_Task to complete_
Except for images, print the whole listing verbatim.

(Source material Opens)

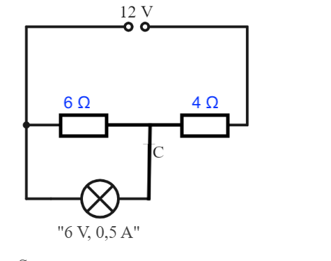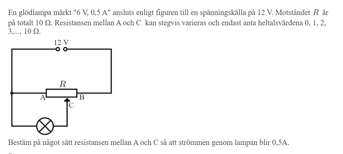 Sätt delresistanserna till x och 10-x. Eftersom lampan skall ha sina nominella värden blir strömmen genom  den 0,5 A och spänningen över den 6 V. Då blir strömmen genom x 6/x A. För höger del blir summaströmmen 0,5 + 6/x och spänningen (10-x)(0,5+6/x)=6.
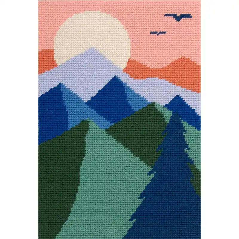 Il Canovaccio Penelope Stampato Montagne di DMC è un’opera d’arte in sé. Questo arazzo minimalista ti permette di ricamare una scena semplice e affascinante: un paesaggio montano con il sole che tramonta sullo sfondo.
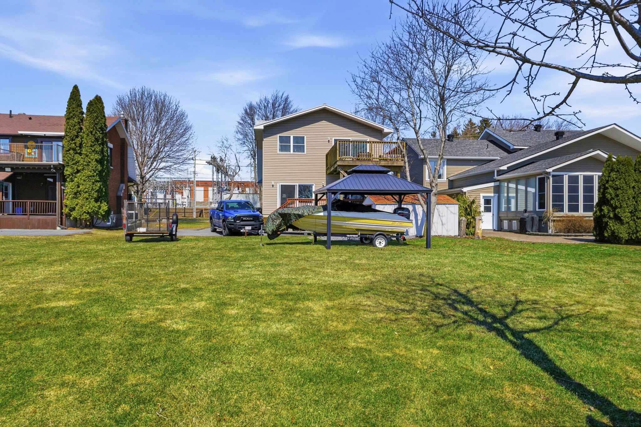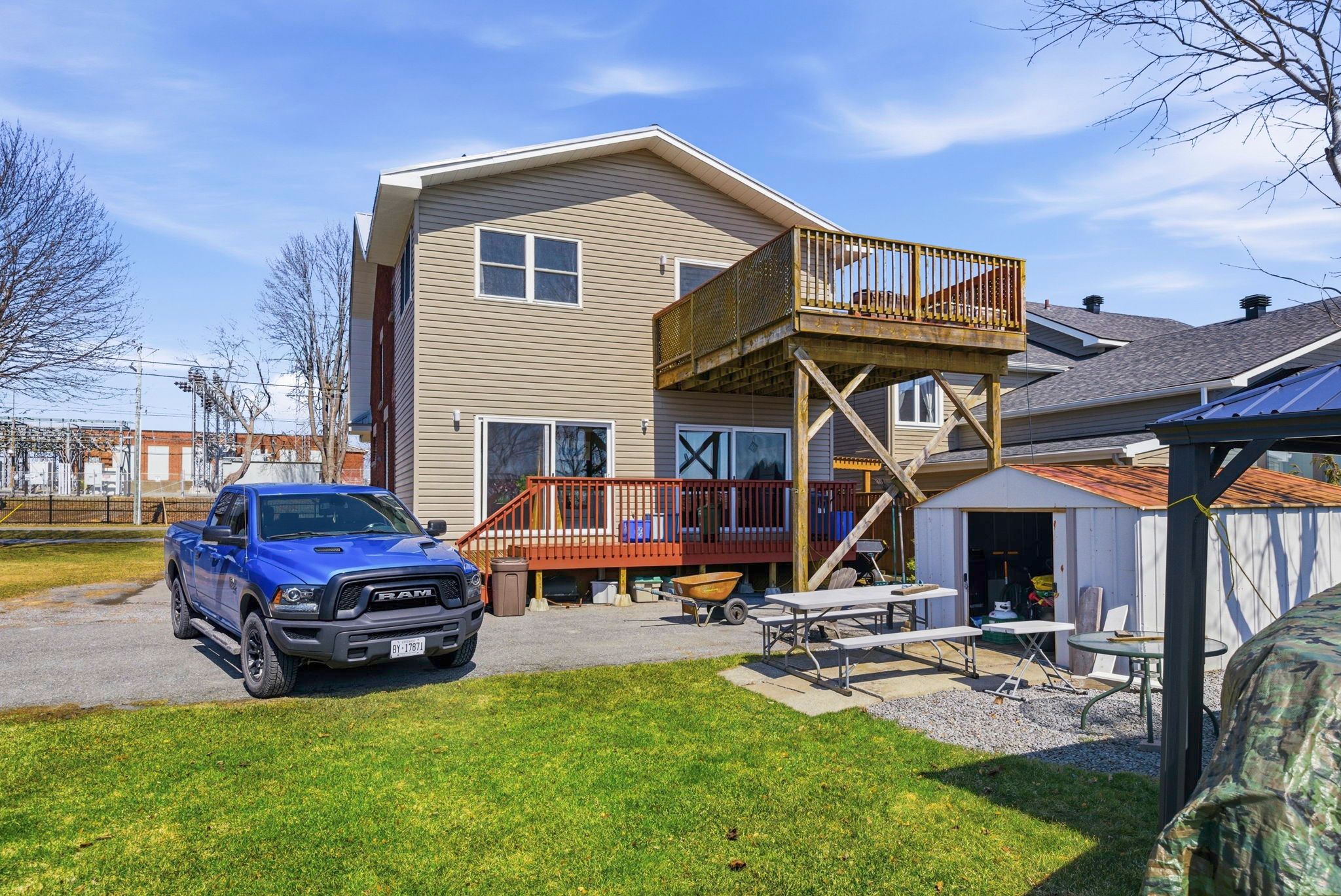Step into a place where time slows down and the river tells the stories. This charming 2-storey waterfront home is rich in character and warmth, offering a nostalgic feel with all the comforts of everyday living. Nestled along the breathtaking st. Lawrence river, this property delivers the kind of lifestyle most people only dream about. Inside, you'll find a bright open-concept kitchen and dining area that flows effortlessly, perfect for hosting family dinners or quiet mornings with coffee and river views. The inviting living room is anchored by a cozy gas fireplace, creating the perfect setting to unwind after a day on the water. Upstairs features three comfortable bedrooms. The primary bedroom boasts a spacious private balcony with stunning views, along with space to add a future ensuite-an ideal opportunity to customize and add value. Outside, the magic continues. The recently installed interlocking stone front steps offer classy curb appeal. Relax in the backyard under the gazebo, or spend your days casting a line from your private dock. With direct access to the river, this truly is a fisherman's playground right in your backyard. A storage shed adds convenience, while municipal services ensure easy, reliable living. Set in a great location with prime water frontage, this property offers a rare blend of charm, lifestyle, and opportunity. Whether you're looking for a year-round home or the ultimate waterfront escape, this is where memories are made and sunsets steal the show. *some photos have been virtually staged. As per seller direction allow 48 hour irrevocable on offers

(Source material Closes)

_Worked solution_
 Sätt delresistanserna till x och 10-x. Eftersom lampan skall ha sina nominella värden blir strömmen genom  den 0,5 A och spänningen över den 6 V. Då blir strömmen genom x 6/x A. För höger del blir summaströmmen 0,5 + 6/x och spänningen (10-x)(0,5+6/x)=6.
 Il Canovaccio Penelope Stampato Montagne di DMC è un’opera d’arte in sé. Questo arazzo minimalista ti permette di ricamare una scena semplice e affascinante: un paesaggio montano con il sole che tramonta sullo sfondo.
Step into a place where time slows down and the river tells the stories. This charming 2-storey waterfront home is rich in character and warmth, offering a nostalgic feel with all the comforts of everyday living. Nestled along the breathtaking st. Lawrence river, this property delivers the kind of lifestyle most people only dream about. Inside, you'll find a bright open-concept kitchen and dining area that flows effortlessly, perfect for hosting family dinners or quiet mornings with coffee and river views. The inviting living room is anchored by a cozy gas fireplace, creating the perfect setting to unwind after a day on the water. Upstairs features three comfortable bedrooms. The primary bedroom boasts a spacious private balcony with stunning views, along with space to add a future ensuite-an ideal opportunity to customize and add value. Outside, the magic continues. The recently installed interlocking stone front steps offer classy curb appeal. Relax in the backyard under the gazebo, or spend your days casting a line from your private dock. With direct access to the river, this truly is a fisherman's playground right in your backyard. A storage shed adds convenience, while municipal services ensure easy, reliable living. Set in a great location with prime water frontage, this property offers a rare blend of charm, lifestyle, and opportunity. Whether you're looking for a year-round home or the ultimate waterfront escape, this is where memories are made and sunsets steal the show. *some photos have been virtually staged. As per seller direction allow 48 hour irrevocable on offers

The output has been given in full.